Personal Reminiscences of Wakefield.

It is said that a Cockney returning to the City of London after a quarter of a century's absence cannot identify a single street, and had I been away I should have been almost as much puzzled to find where I was born and where I lived as a youth. My father being in the cloth finishing trade (afterwards as a carpet manufacturer and blanket merchant), my earliest recollections relate to the Cropper's Mill of John Naylor (died 1856, aged 63 years) and Co., established by a Mr. Craven, called after his name, on Westgate Common in the 17th century.
The premises are now occupied by Mr. Jesse Archer. John Naylor succeeded Mr. Craven as woollen cloth finisher. Up to the year 1831, the cloth was finished by hand with shears by men called croppers; only one of them is now living. His name is Whiteley, living at Alverthorpe. My uncle managed the business. The weaving of the cloth was mostly done in private houses on Westgate Common, and in the villages of Flanshaw, Outwood, and Alverthorpe. The following were the largest manufacturers - in Alverthorpe, Thomas and William Harrison; Flanshaw, Thomas Ward, Robert Child, David Lindley, George Burton, Benjamin Burton, Joseph Artle, Benjamin Wood, John Artle; Outwood, Samuel Shuttleworth.

In July, 1831, our present Borough Member's (Sir Edward Green) father supplied the Naylors with a 7½ horse power beam condensing engine (his first) to drive eight cutting machines called Lewis's for finishing the cloth, in place of the Cropper, afterwards by improved ones by Davises, and then Perpetuals. There were about 40 men employed in the works. In 1857 Messrs.
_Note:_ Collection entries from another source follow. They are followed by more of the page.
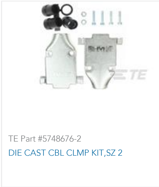
TE Part #5748676-2 DIE CAST CBL CLMP KIT,SZ 2
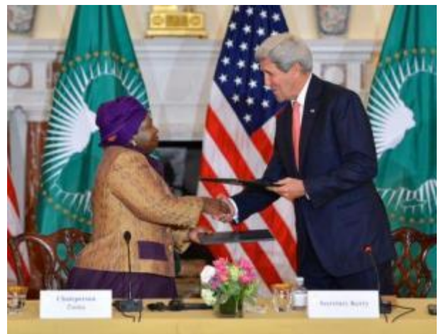
Photo: John Kerry greets AU Chairperson.

May: Profoh endorsed Nigeria Government with US$ 1.5 M for Procurement of Treatment for people with multi-drug resistant TB
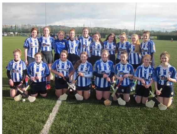
Ballyboden U16B Camogie team
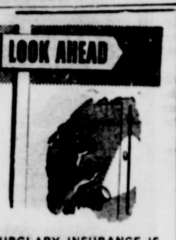
YOUR BEST WATCHMAN!

The cost of replacing your treasured possessions is probably a lot more than you think! The cost of burglary insurance is probably less than you think. Get the facts.

Cawthorn and Slater succeeded Captain William Naylor, his cousin John halving died in 1856. They declined the business in 1862.
In Hardy Flatts (Burton Street), where I was born, there were very few houses, and right away by Bell Street were gardens and green lanes. In the Flatts the inhabitants had a feast, on tables erected in the open air, on the day of the coronation of George IV., and the guests had earthenware plates given them in commemoration of the event.
At the end of the Flatts was the celebrated Cliffe Tree blown down in 1845 by a very heavy gale of wind. It is stated that Field Marshal General Wade encamped near this tree when he was marching his troops northward in 1746.

Behind my residence in Westgate there was a bear and beer garden, held by a Mr. Russell, and on one occasion the bear got out of its pit, and worried a woman. My uncle passing by, heard screams, and, assisted by Mr. W. Stead rescued her, but she died in consequence of the injuries. Mr. Boston, gunsmith, shot the unruly bruin. When in 1859 the spire of the Parish Church was re-built, I saw a man climb by means of the crockets to the weather-cock with the agility of a monkey. My ancestors were patrons of the Militia, who up to 1802 drilled in South Parade and on Heath Common, but I never heard of the famous ducking- stool kept by the ratepayers for the chastisement of female scolds by sundry dips in the Calder - a practice that was in vogue up to 80 years ago.

The Races at the Grand Stand, Wrenthorpe, made the town exceedingly merry, and brought in crowds of carriage folks. The flower of the aristocracy might be seen on the grand stand and in the coaches and carriages. It was a great blow to Wakefield when the Meeting was abandoned through lack of subscriptions.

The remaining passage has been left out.